- **REQUIREMENT**
All lines from the one containing "The comparison of" through the last line of the listing should be given again exactly, with no pictures.

- **SUPPLIED DATA**
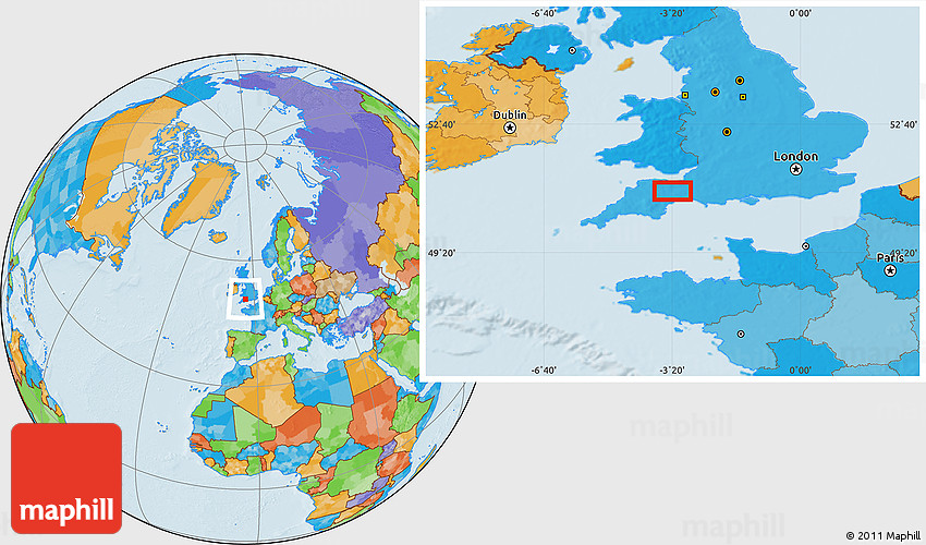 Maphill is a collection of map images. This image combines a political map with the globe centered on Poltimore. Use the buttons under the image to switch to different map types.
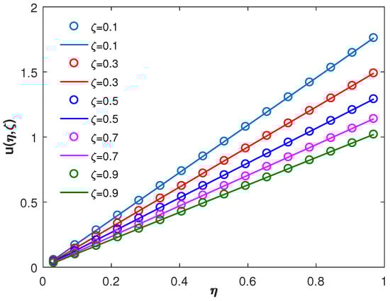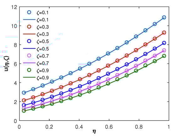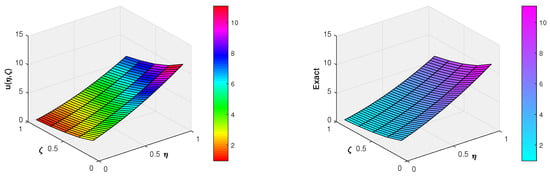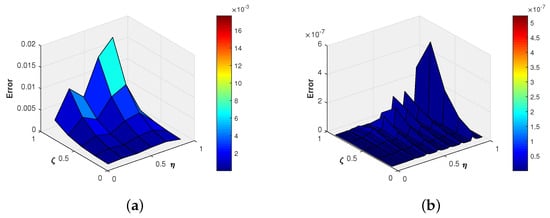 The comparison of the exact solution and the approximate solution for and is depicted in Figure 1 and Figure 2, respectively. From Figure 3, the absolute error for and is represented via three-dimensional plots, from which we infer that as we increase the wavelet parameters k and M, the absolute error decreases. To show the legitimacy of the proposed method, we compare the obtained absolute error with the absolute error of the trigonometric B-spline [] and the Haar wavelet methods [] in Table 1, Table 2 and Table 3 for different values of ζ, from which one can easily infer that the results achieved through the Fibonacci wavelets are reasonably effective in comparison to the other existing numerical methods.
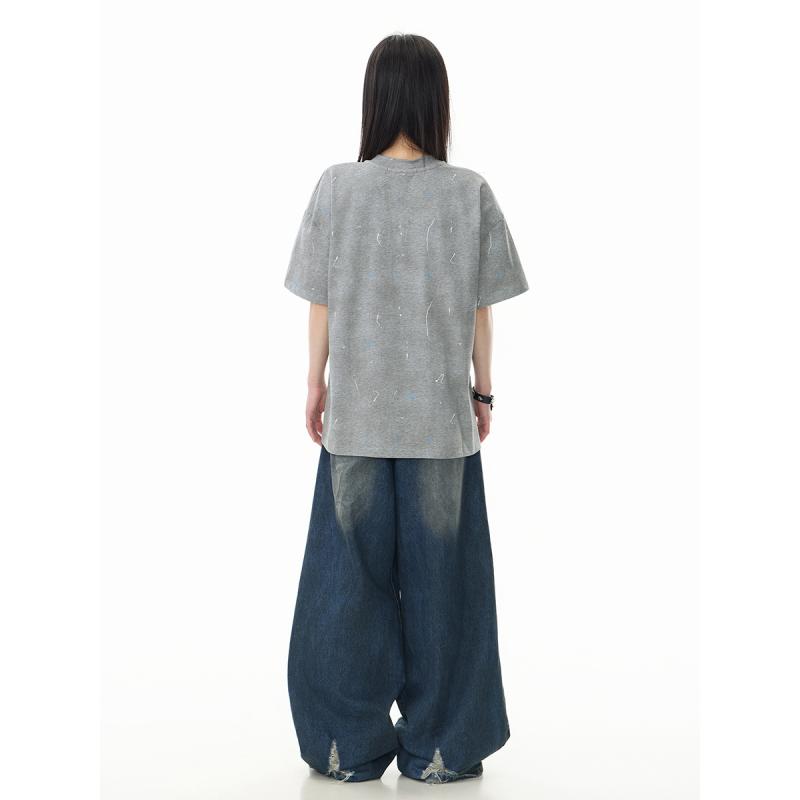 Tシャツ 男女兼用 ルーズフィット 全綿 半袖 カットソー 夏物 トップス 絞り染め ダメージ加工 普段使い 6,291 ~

- **REPLY**
 The comparison of the exact solution and the approximate solution for and is depicted in Figure 1 and Figure 2, respectively. From Figure 3, the absolute error for and is represented via three-dimensional plots, from which we infer that as we increase the wavelet parameters k and M, the absolute error decreases. To show the legitimacy of the proposed method, we compare the obtained absolute error with the absolute error of the trigonometric B-spline [] and the Haar wavelet methods [] in Table 1, Table 2 and Table 3 for different values of ζ, from which one can easily infer that the results achieved through the Fibonacci wavelets are reasonably effective in comparison to the other existing numerical methods.
 Tシャツ 男女兼用 ルーズフィット 全綿 半袖 カットソー 夏物 トップス 絞り染め ダメージ加工 普段使い 6,291 ~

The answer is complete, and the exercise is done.